US Sanctions Are Brutal and Inhumane. And They Don’t Work.

Sanctions are a form of collective punishment. Their costs are overwhelmingly borne by innocent people rather than governments. And they are just another form of war, not an alternative to it. The US’s many sanctions across the world need to end.

US-LATAM-POLITICS-DIPLOMACY-SUMMIT-PROTEST

Activists protest outside the 9th Summit of the Americas at the LA Convention Center to deliver a letter rejecting President Joe Biden’s policy of sanctions, exclusions, and blockades against Latin America and the Caribbean, in Los Angeles, California, on June 10, 2022. (Ringo Chiu / AFP via Getty Images)


The US government is sanctioning so many countries right now, it’s hard to keep track of them all.
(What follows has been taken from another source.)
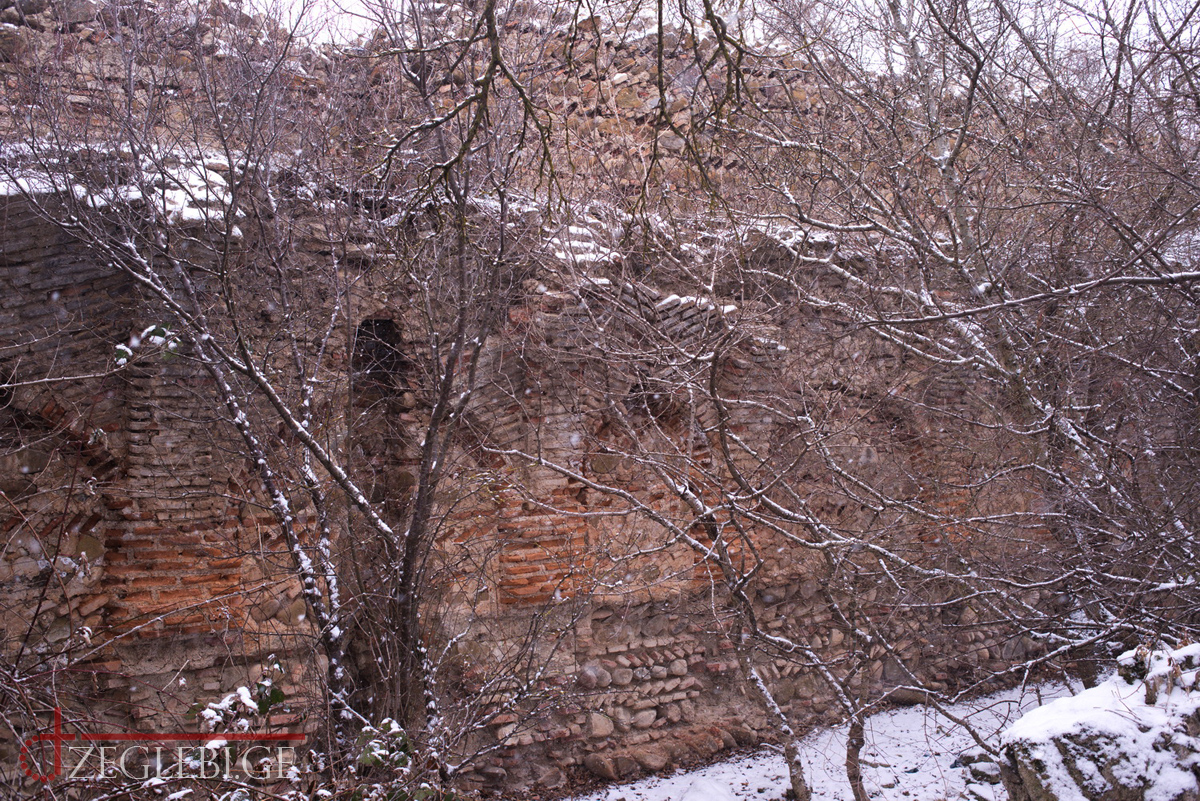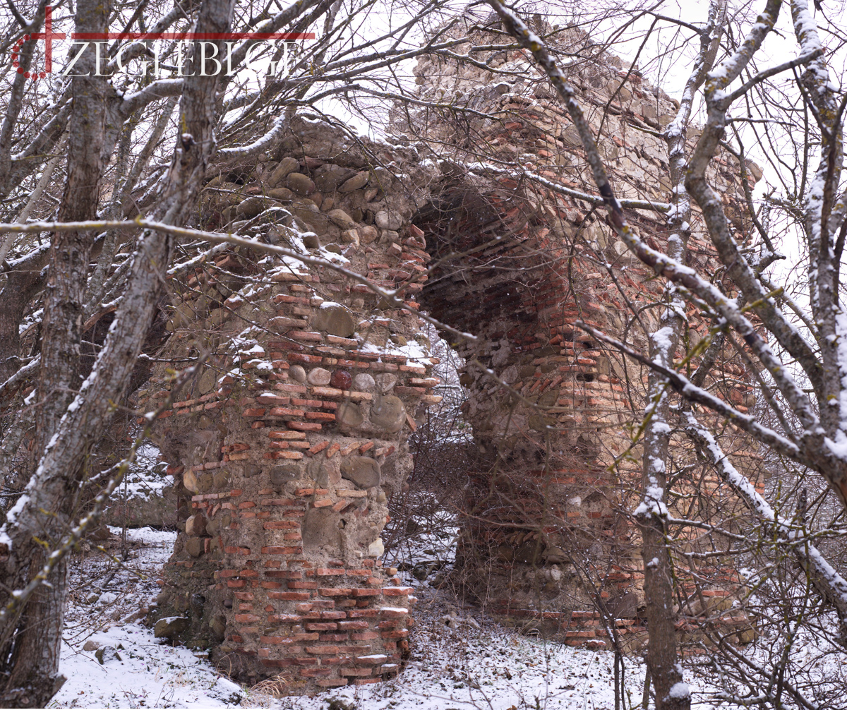 გ) ეკლესია, დგას სასახლის აღმოსავლეთით, 100 მეტრზე, ტყეში. განეკუთვნება გვიანდელ შუა საუკუნეებს. ეკლესია დარბაზულია (5.3 X7.6 მ), ნაგებია სხვადასხვა ზომის რიყის ქვის ირეგულარული წყობით. კედლები შიგნით და გარედან მობათქაშებული ყოფილა. ძლიერ დაზიანებულია: ჩამოშლილია კამარა, კონქის მნიშვნელოვანი ნაწილი და განივი კედლების ზედა ნაწილები. თითქმის მთლიანადაა დანგრეული გრძივი კედლები. შესასვლელი ეკლესიას სამხრეთიდან ჰქონია. აღმოსავლეთით, ნახევარწრიული აფსიდის ღერძზე და დასავლეთ კედელში თითო სწორკუთხა სარკმელია. აფსიდში, სარკმლის ორივე მხარეს, თითო პატარა სწორკუთხა ნიშია.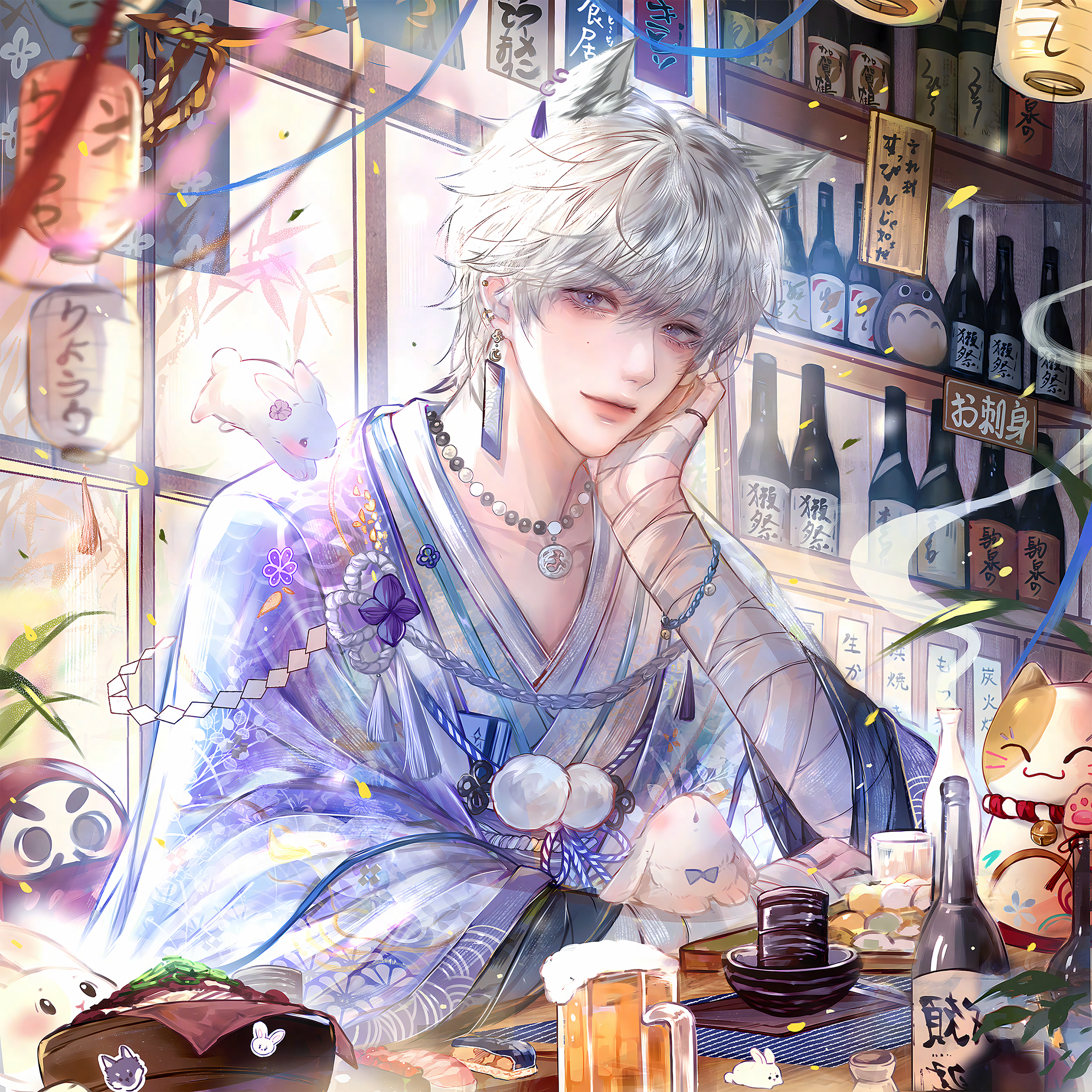 1boy absurdres alcohol animal_ears blue_eyes cup earrings food highres japanese_clothes jewelry large_variant_set looking_at_viewer male_focus necklace original qingluanluan variant_set white_hair

There are the countries you probably know about, like Russia, Syria, Iran, and Venezuela. There are the ones you hear less about, like Nicaragua, Yemen, Afghanistan, and Myanmar. And then there are the official enemies that Washington has sanctioned for decades, like Cuba and North Korea.

These sanctions are presented to the public as a nondestructive, even humane alternative to military action. But a new report from the Center for Economic and Policy Research (CEPR) lays out the brutal and damaging reality of sanctions regimes and their human costs. Synthesizing the findings of dozens of studies and examining the sanctions’ impact on three targeted countries in particular, the CEPR study makes clear what critics of the policy have long stressed: that sanctions are a form of collective punishment, whose costs are overwhelmingly borne by the innocent people ruled by the often undemocratic governments US officials seek to punish and which is in practice not so much an alternative to war as an alternative form of it.